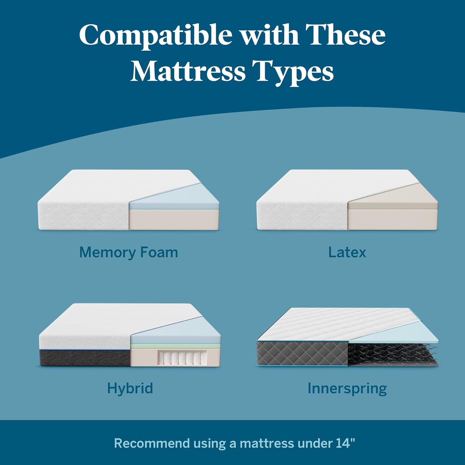 COMPATIBLE WITH MOST MATTRESSES: Adjustable bed base is compatible with any mattress, and most mattresses under 14 inches
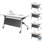会議用テーブル 折りたたみ、フリップモバイルトレーニングテーブル、ロックホイールと金属棚付きコンピュータテーブル5個、折りたたみ式、簡単に保管できる直線
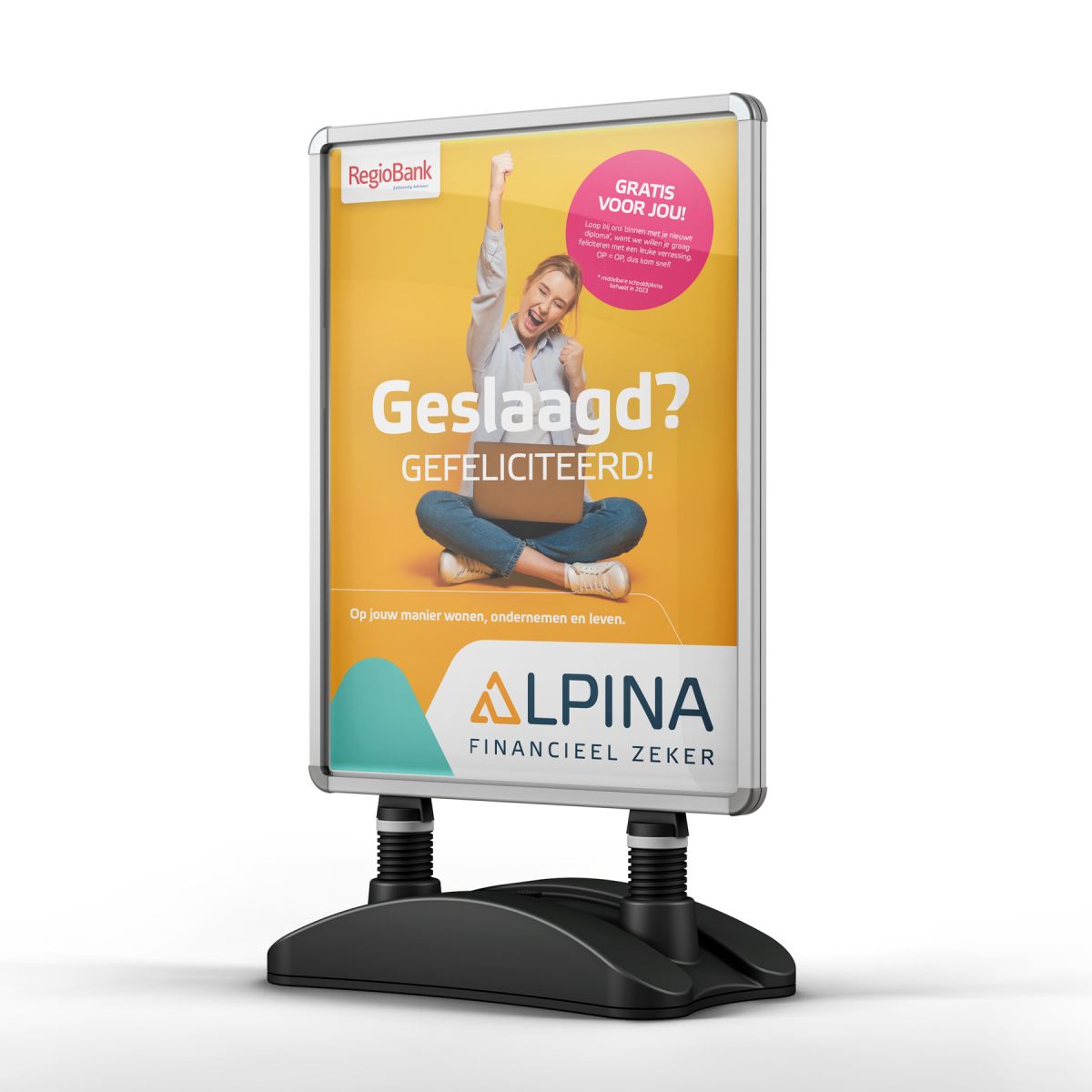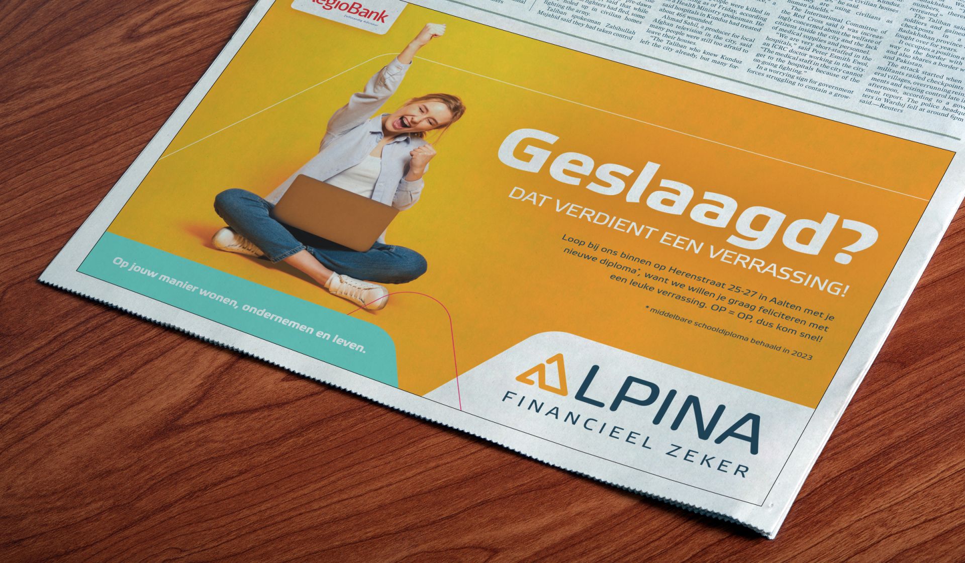 Je middelbareschooldiploma halen is een prestatie om trots op te zijn! Daarom trakteren diverse Alpina vestigingen met Regiobank-functie de geslaagden in hun omgeving op een leuke verrassing. Welke, daar mag iedere vestiging zelf een lokale invulling aan geven. Op veel plaatsen gaan de medewerkers zelfs letterlijk de wijk in om je als geslaagde persoonlijk te feliciteren en te trakteren!

• _EXERCISE_: Everything in the data must be printed verbatim except the pictures.

• _YOUR RESPONSE_:
 COMPATIBLE WITH MOST MATTRESSES: Adjustable bed base is compatible with any mattress, and most mattresses under 14 inches
会議用テーブル 折りたたみ、フリップモバイルトレーニングテーブル、ロックホイールと金属棚付きコンピュータテーブル5個、折りたたみ式、簡単に保管できる直線
 Je middelbareschooldiploma halen is een prestatie om trots op te zijn! Daarom trakteren diverse Alpina vestigingen met Regiobank-functie de geslaagden in hun omgeving op een leuke verrassing. Welke, daar mag iedere vestiging zelf een lokale invulling aan geven. Op veel plaatsen gaan de medewerkers zelfs letterlijk de wijk in om je als geslaagde persoonlijk te feliciteren en te trakteren!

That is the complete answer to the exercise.